Inside the building towards the back, there is a display of commercial establishments and even the role of Coca Cola during the war and it being used in the ration boxes of the men and women fighting for our country. There were pictures of USO dances and get togethers and parties for the enlisted men.
There is even a space shuttle piece to explore and admire showing our progression into different types of transportation over time. The museum has carefully displayed items so that there is an order to follow around the room to admire each piece. Take the time to look them over and read about them.
This museum is an interesting step back in time to show the role New Jersey and Cape May County played during the war years and then going forward.
The Mission of the Museum:
Restoring Hangar #1, educating the public on Cape May Country’s history during WWII and memorializing the 42 naval aviators who were training at the Naval Air Station Wildwood.
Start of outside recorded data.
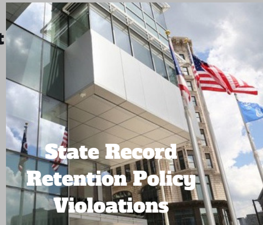
State Record Retention Policy Violations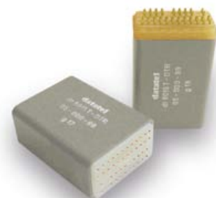
Digital Telemetry Transmitter Modules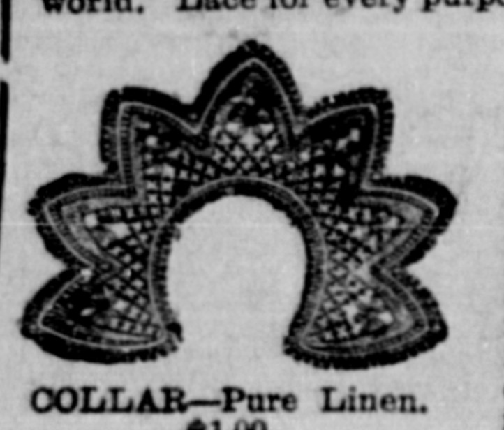
COLLAR—Pure Linen. $1.00.

Every sale, however small, is a support to the industry.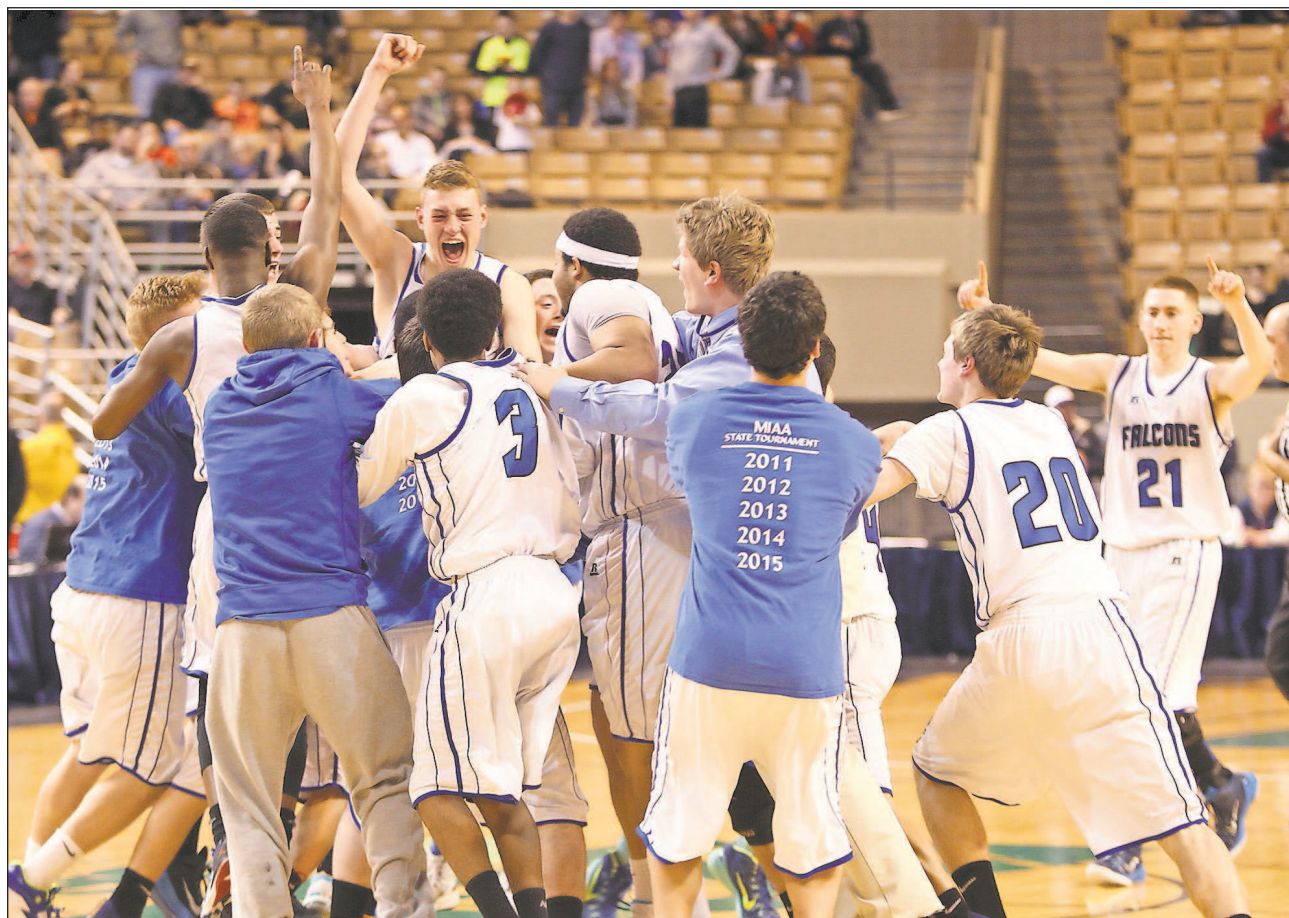
The Danvers Falcons storm the DCU Center court in Worcester after winning the Division 2 state championship over Marlboro.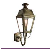
(431) - Page 42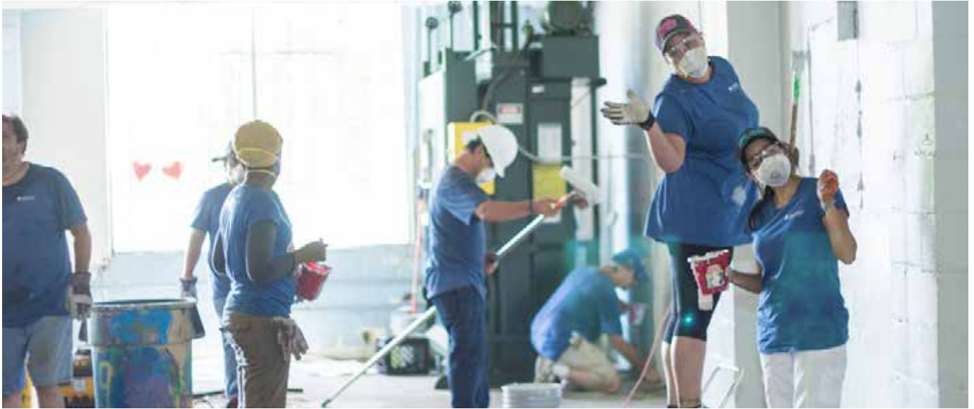
One of the many projects was to paint the CFOC warehouse, and the team enjoyed beautifying the campus.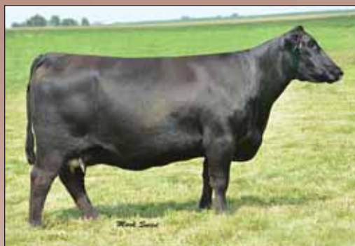
PVF MISSIE 1148, DAM OF LOT 26.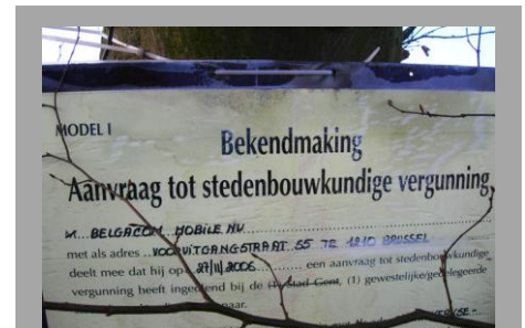
Belgacom planning notice Drogenen ZOOM

The action group hopes also that this verdict will set a legal precedent.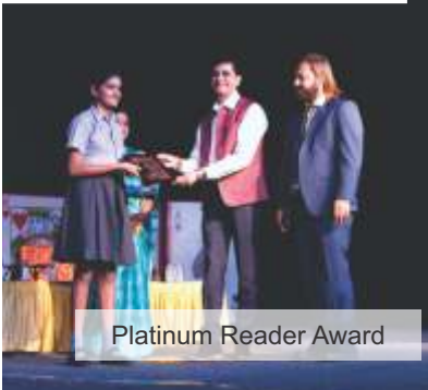
Platinum Reader Award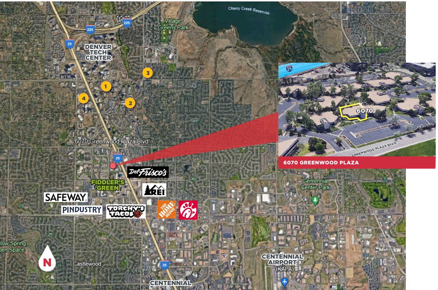
6070 GREENWOOD PLAZA

Within 1.5 Miles: 100+ Restaurants & Bars 12+ Hotels & Lodging 100+ Banking Institutions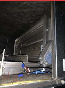
TYPICAL AHU OA AND RETURN DAMPER

If there is a mechanical stopper on the damper it is not accessible due to being butted up against the outside of the unit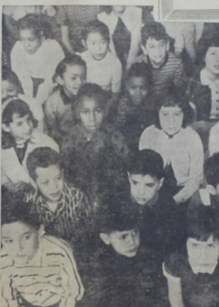
Kids... that's what PTA is all about. It began 75 years ago in February, 1897, when founders Alice McLellan Birney and Phoebe Apperson Hearst recognized the need for improving the conditions affecting children and youth. Since that time, the National PTA has been instrumental in activities ranging from the establishment of hot lunch programs to lobbying for the passage of the recently enacted Drug Abuse Education Act. PTA believes that if a single child is lost, a part of the nation is also lost. As in 1897, PTA continues to help parents, teachers and students provide a better life for children growing up in modern America.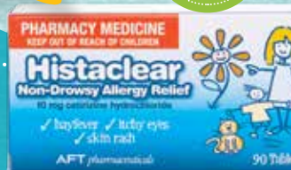
Histaclear 90 Tablets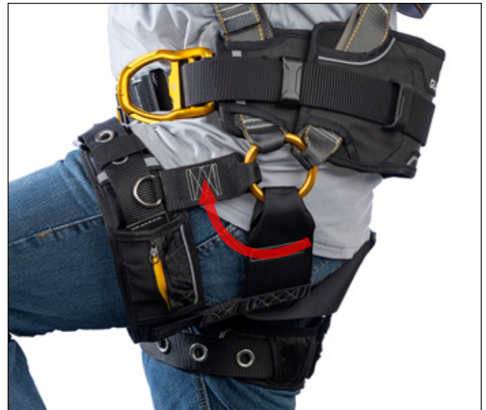
Full range of unrestricted movement

Some images are representative only to show function.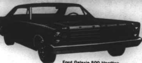
Ford Galaxie 500 Hardtop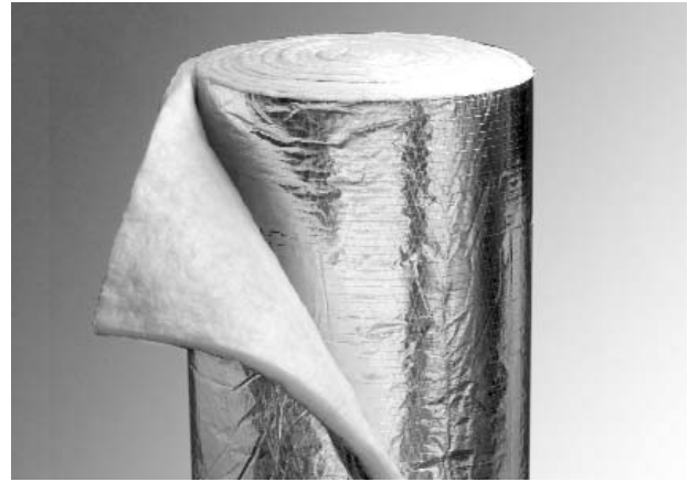
Operating Temperature Limits: 40°F to 250°F (4°C to 121°C) Faced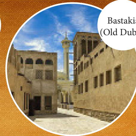
Bastakia (Old Dubai)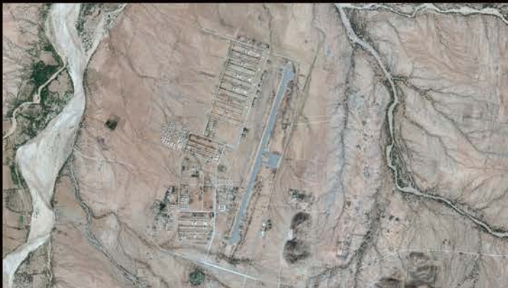
Satellite Imagery of the Sawa military camp, including the Warsai Yikealo Secondary School, recorded in January 2015.

Eritrea’s few international partners and donors should make clear that ongoing support will require concrete efforts by the government in these areas and push the government to establish independent, credible complaints mechanisms to investigate allegations of abuse of trainees and conscripts.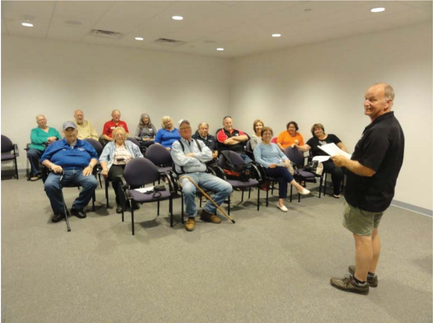
May Meeting Attendees

The regular meeting of the Corvette Club of Texas was held on May 20th at Friendly Chevrolet and with 16 people in attendance. Family events prevented a number of members from attending, including our secretary, so I will cover the minutes very briefly.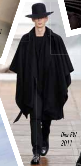
Dior FW 2011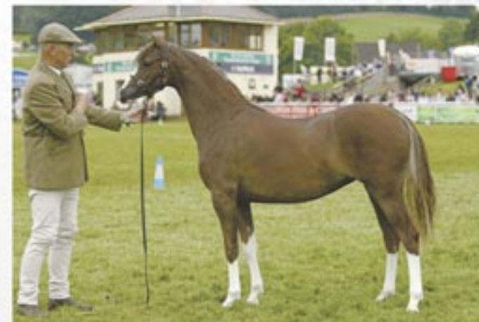
Heniarth In The Mood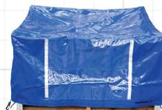
13-PCPI500P 2320mmL x 1500mmW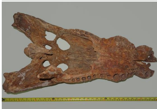
Figure 1. Dau Sau, the crocodile skull from Can Tho, with measuring tape from above (top) and below (bottom).

The man who discovered the crocodile skull did so when he was 86 years old. His family had worked as net fishermen at Dau Sau estuary for generations. His grandfather, who passed away in 1942, and his father, who passed away in 1965, told a story about a remote part of Dau Sau channel where big fish abounds, and where crocodiles "as large as

The History of the Naval Air Station Wildwood Aviation Museum:
(Taken from the Museum website)
Following the outbreak of World War II, this all wood double wide aircraft hangar was assembled by the U.S. Navy in 1942 from a kit delivered via railroad. On April 1st, 1943, NAS Wildwood was commissioned as a training facility for dive bomber squadrons that would go on to fight in the Pacific. Between 1943 and 1945, activities included night flying and target practice over the Delaware Bay, reaching a peak of almost 17.000 takeoffs and landings in the month of October 1944. Before NAS Wildwood was decommissioned, 129 crashes occurred and 42 airmen died in training exercises.
Following World War II, United States Overseas Airlines was operated out of Hangar #1, offering both national and international charter flights. The airline was owned by Dr. Ralph Cox, a dentist and U.S. navy pilot during WWII. Cox also used the hanger to display his collection of early automobiles and other transportation memorabilia including a steam locomotive.
Southern Jersey Airways operated a commuter airline known as the Allegheny Commuter out of the Cape May Airport. The service was started by Captain Curt Young, ho was a bomber pilot during WWII. The Allegheny Commuter offered twenty-two daily flights between Atlantic City and Philadelphia as well as eight round trips out of Cape May.
After many years of neglect, Hangar #1 was rediscovered by Dr. Joseph Salvatore and his wife, Patricia Anne, who acquired the building from Cape May County for $1.00. Listed on both the state and national registers of historic places, Hangar #1 is an exhibit in and of itself. Since 1997, the Salvatore’s and the NASW Foundation have worked hard to restore the hangar to its original condition. Today, Hangar #1 is open to the public as part of the NAS Wildwood Aviation Museum.